April 1 - In what has been declared a stunning but partial victory for the Other Campaign, the Chiapas government freed thirty political prisoners last night in response to years of protests for their freedom, but not before giving some of them one last thorough beating. Seventeen prisoners remain incarcerated in Chiapas and Tabasco, eight of whom are on a hunger strike that has lasted 37 days so far. Prisoners, ex-prisoners, and their families and supporters are gearing up for an increasingly tense battle for the freedom of the remaining political prisoners. Outside medical experts say that the symptoms the hunger strikers report and the amount of time they've gone without food has put their lives in danger, and that they may begin to die as early as Sunday. The state government, however, declared that it refuses to negotiate over the remaining prisoners.
The liberated prisoners have declared that they will remain in the plantón (permanent protest encampment) outside the state government headquarters in Tuxtla until all of their compañeros are free. They maintain their fearless resolve despite the government's best efforts to keep them away, including threats and physical violence. Police refused to allow prisoners from the Cereso #17 prison in Catazaja to see the route they were taking to arrive at the government's press conference where it released the prisoners as part of a media stunt. According to the recently released prisoners, the police beat them on the way to the press conference until their heads and arms were purple and they were bleeding. Their wrists were bound tightly with tape, cutting off circulation to their hands. After the press conference, the police loaded them back into a government vehicle, beat some of them again, and told them they were going to be returned to jail.

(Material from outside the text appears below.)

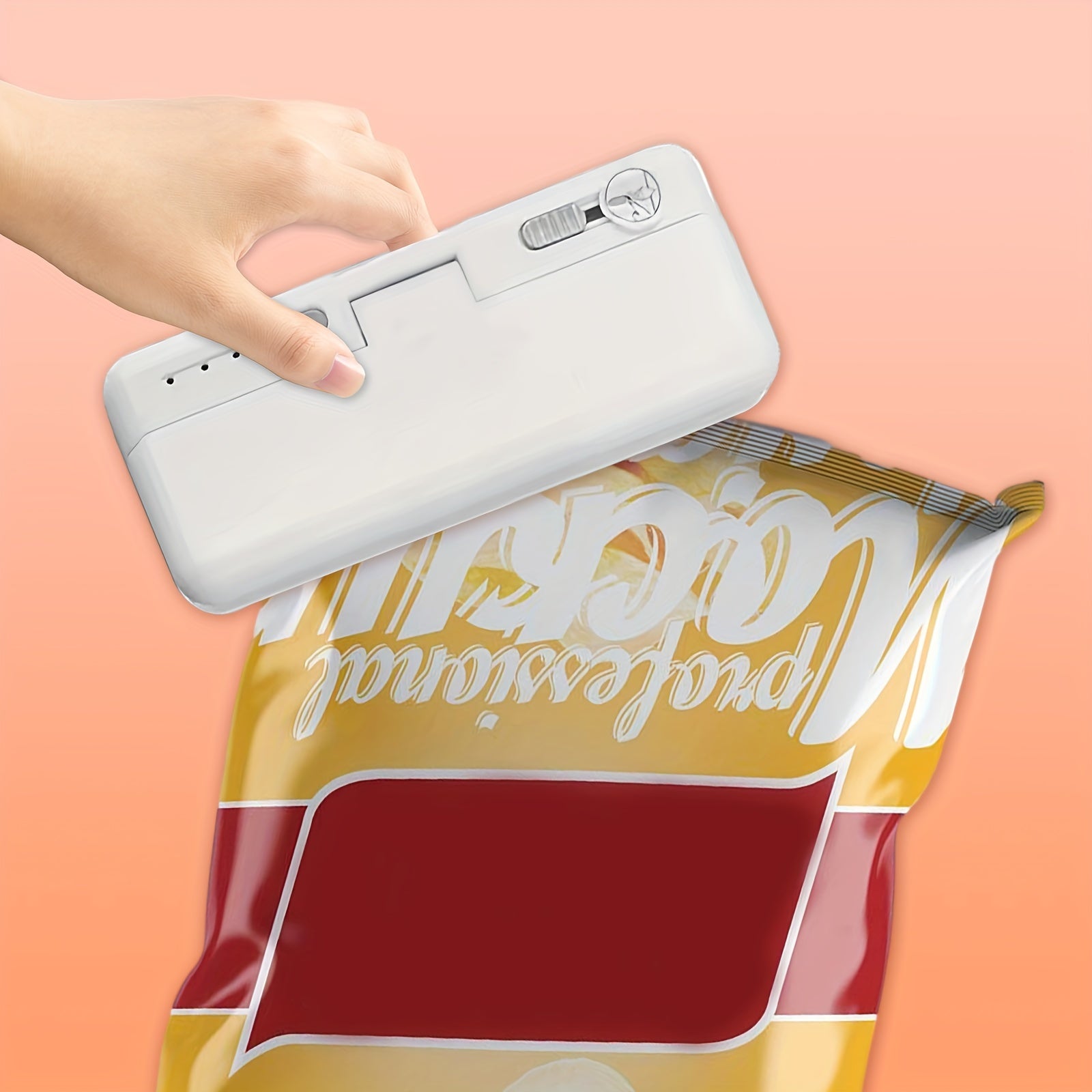 Food Sealer with Built-in Cutter USB Rechargeable Adjustable Heat Settings Magnetic Strip for Kitchen Organization

Their Crime: Being Indigenous and Poor
The prisoners belong to a variety of organizations, including EZLN bases of support, adherents to the Zapatistas' Other Campaign, an evangelical Christian organization, and the Party of the Democratic Revolution (PRD in its Spanish initials). The amount of time they've spent in jail varies: the two Zapatista prisoners in Tabasco have been imprisoned for twelve years, other prisoners for one year.
The prisoners were incarcerated under a wide array of circumstances. Paramilitary organizations accused some Zapatista support bases of crimes the paramilitaries themselves committed. Antonio Garcia Flores, for example, is a member of the EZLN and participated in the Zapatista's 1994 uprising. He was arrested then in Ocosingo after members of the paramilitary organization Chinchulines turned him in, then later released under an amnesty law that freed all Zapatista prisoners. The Chinchulines later dissolved and integrated themselves into the Organization for the Defense of Indigenous and Campesino Rights (Opddic in its Spanish initials), an anti-Zapatista paramilitary organization with a civilian face of legitimacy. In 1999, Opddic members accused him of “robbery with violence,” and in March 2006 the government imprisoned him under those charges. After serving two years in prison for a crime he did not commit, he was released last night.